[[ Material supplied, beginning ]]

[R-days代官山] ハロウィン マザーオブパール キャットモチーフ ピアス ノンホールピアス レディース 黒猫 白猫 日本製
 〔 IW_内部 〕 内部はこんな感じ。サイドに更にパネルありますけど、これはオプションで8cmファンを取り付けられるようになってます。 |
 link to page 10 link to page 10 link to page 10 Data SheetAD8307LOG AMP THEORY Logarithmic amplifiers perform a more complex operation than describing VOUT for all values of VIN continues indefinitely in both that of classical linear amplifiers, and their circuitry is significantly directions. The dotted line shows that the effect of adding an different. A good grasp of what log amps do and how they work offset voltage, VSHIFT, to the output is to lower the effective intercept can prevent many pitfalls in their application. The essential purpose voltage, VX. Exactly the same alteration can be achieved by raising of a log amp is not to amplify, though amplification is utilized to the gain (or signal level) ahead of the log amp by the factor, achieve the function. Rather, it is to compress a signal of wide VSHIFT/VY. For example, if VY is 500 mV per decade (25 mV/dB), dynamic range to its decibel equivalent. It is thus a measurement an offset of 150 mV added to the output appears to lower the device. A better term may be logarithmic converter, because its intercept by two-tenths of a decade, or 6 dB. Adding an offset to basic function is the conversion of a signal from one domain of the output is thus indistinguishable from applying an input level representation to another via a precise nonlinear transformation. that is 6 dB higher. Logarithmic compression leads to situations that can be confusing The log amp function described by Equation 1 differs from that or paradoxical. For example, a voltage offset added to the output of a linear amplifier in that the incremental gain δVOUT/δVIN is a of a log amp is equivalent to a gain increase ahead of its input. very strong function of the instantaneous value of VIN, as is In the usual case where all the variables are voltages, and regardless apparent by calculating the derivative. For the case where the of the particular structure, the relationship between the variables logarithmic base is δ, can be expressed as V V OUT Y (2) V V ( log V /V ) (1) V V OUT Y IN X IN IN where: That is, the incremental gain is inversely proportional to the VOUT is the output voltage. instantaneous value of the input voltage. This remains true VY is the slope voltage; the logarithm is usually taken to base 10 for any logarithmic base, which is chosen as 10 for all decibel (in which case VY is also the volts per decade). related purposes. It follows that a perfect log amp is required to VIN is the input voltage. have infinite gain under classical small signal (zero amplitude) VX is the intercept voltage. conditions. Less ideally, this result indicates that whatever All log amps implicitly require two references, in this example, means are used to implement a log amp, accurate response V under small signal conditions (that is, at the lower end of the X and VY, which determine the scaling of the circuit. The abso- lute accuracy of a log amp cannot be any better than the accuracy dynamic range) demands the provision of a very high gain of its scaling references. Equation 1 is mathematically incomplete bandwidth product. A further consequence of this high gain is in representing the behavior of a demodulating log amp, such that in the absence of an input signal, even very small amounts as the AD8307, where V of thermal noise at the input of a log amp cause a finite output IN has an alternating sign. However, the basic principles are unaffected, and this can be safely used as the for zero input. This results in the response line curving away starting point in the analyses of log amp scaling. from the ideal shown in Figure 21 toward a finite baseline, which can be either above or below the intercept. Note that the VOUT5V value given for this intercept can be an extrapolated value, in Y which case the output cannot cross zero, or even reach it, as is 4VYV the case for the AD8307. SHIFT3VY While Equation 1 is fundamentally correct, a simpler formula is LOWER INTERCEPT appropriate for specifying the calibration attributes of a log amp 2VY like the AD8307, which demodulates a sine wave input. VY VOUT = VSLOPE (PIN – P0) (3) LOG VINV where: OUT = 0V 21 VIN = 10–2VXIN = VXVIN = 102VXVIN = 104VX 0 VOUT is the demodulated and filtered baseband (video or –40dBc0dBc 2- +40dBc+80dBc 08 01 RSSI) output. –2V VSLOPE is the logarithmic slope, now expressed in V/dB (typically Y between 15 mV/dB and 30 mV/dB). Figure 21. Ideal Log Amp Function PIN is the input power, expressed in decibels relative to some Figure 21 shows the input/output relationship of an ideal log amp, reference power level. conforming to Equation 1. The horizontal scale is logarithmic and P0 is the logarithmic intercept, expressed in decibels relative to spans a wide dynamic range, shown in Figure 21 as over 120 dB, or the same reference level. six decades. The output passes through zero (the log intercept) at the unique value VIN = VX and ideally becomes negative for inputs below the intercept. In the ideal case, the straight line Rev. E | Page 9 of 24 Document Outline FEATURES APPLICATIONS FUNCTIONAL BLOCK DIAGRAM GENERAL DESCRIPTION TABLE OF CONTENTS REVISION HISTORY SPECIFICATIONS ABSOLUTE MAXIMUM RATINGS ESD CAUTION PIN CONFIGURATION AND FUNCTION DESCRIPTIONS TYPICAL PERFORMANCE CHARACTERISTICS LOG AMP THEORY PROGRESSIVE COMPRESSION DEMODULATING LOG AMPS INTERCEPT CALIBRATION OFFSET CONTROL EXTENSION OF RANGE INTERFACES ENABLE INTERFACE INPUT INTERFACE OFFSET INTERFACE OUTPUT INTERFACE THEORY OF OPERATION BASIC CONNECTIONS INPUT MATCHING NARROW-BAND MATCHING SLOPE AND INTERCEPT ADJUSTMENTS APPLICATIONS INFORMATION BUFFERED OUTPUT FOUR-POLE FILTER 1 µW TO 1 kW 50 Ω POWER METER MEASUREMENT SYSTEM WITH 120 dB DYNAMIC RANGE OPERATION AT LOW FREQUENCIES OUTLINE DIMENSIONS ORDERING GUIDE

[[ Material supplied, end ]]
[[ Material supplied, beginning ]]

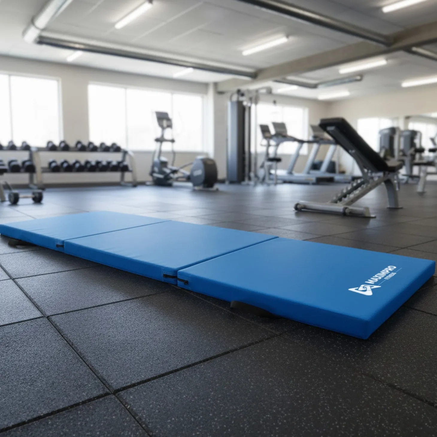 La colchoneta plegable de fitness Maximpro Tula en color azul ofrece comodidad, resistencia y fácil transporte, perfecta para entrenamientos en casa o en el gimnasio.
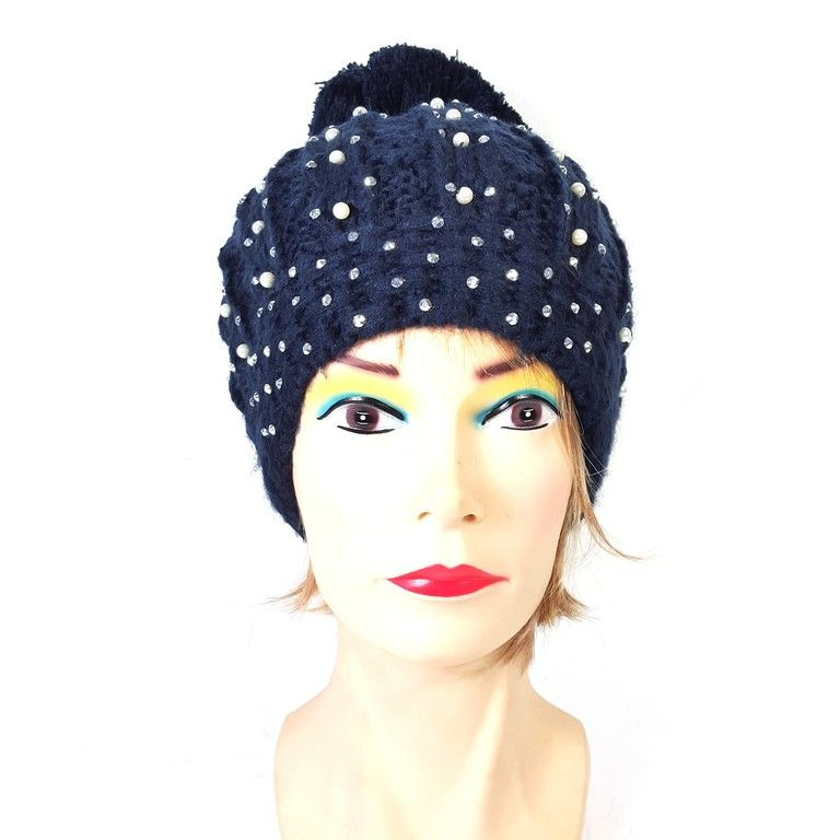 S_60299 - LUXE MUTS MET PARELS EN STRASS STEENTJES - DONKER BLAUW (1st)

[[ Material supplied, end ]]

Task to carry out
Retype the lines above exactly as they appear, from the line containing "La colchoneta plegable" through the line containing "S_60299 - LUXE", and leave out any pictures.

Task response
 La colchoneta plegable de fitness Maximpro Tula en color azul ofrece comodidad, resistencia y fácil transporte, perfecta para entrenamientos en casa o en el gimnasio.
 S_60299 - LUXE MUTS MET PARELS EN STRASS STEENTJES - DONKER BLAUW (1st)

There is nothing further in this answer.